═══ Dataset section

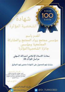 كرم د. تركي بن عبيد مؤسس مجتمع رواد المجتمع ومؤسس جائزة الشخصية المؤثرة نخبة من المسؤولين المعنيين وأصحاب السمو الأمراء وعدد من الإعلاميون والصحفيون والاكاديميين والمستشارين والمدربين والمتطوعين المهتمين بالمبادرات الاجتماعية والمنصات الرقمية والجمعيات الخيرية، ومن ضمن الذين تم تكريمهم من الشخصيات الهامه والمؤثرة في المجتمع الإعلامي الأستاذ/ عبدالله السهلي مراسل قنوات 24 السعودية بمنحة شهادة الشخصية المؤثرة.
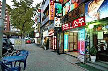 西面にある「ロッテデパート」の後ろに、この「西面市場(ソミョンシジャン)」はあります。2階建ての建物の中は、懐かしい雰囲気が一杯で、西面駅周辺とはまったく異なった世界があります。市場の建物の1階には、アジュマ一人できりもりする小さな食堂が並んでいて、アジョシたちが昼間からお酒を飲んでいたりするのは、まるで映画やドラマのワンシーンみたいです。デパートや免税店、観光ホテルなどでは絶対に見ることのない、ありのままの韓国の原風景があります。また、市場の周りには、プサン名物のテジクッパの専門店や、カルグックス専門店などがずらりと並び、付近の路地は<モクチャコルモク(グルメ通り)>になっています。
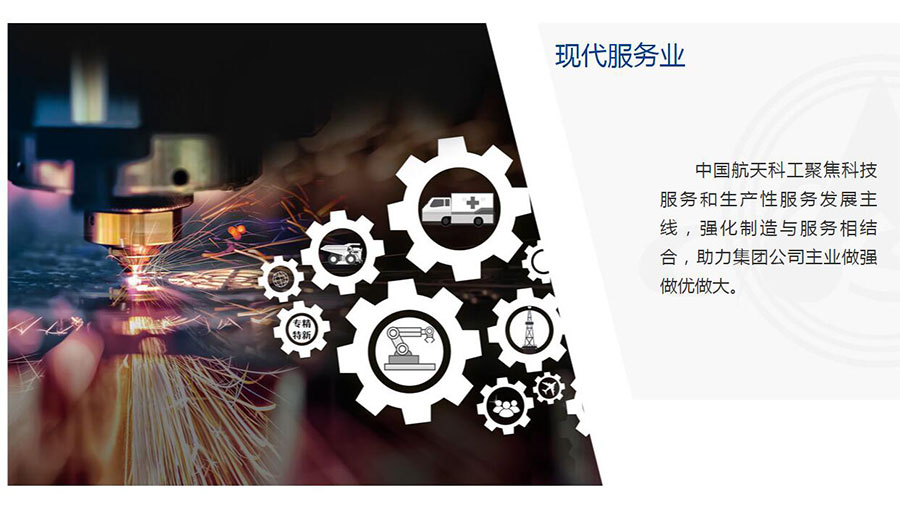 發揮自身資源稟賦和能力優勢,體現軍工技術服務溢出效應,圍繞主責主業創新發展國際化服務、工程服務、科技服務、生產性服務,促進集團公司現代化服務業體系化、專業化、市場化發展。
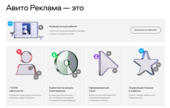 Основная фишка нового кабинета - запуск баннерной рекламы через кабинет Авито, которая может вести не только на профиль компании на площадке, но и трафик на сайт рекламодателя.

══════

Given the listing above, return exactly, and only, the lines from the line with "西面にある「ロッテデパート」" through its final line, both included, with the pictures removed.

 西面にある「ロッテデパート」の後ろに、この「西面市場(ソミョンシジャン)」はあります。2階建ての建物の中は、懐かしい雰囲気が一杯で、西面駅周辺とはまったく異なった世界があります。市場の建物の1階には、アジュマ一人できりもりする小さな食堂が並んでいて、アジョシたちが昼間からお酒を飲んでいたりするのは、まるで映画やドラマのワンシーンみたいです。デパートや免税店、観光ホテルなどでは絶対に見ることのない、ありのままの韓国の原風景があります。また、市場の周りには、プサン名物のテジクッパの専門店や、カルグックス専門店などがずらりと並び、付近の路地は<モクチャコルモク(グルメ通り)>になっています。
 發揮自身資源稟賦和能力優勢,體現軍工技術服務溢出效應,圍繞主責主業創新發展國際化服務、工程服務、科技服務、生產性服務,促進集團公司現代化服務業體系化、專業化、市場化發展。
 Основная фишка нового кабинета - запуск баннерной рекламы через кабинет Авито, которая может вести не только на профиль компании на площадке, но и трафик на сайт рекламодателя.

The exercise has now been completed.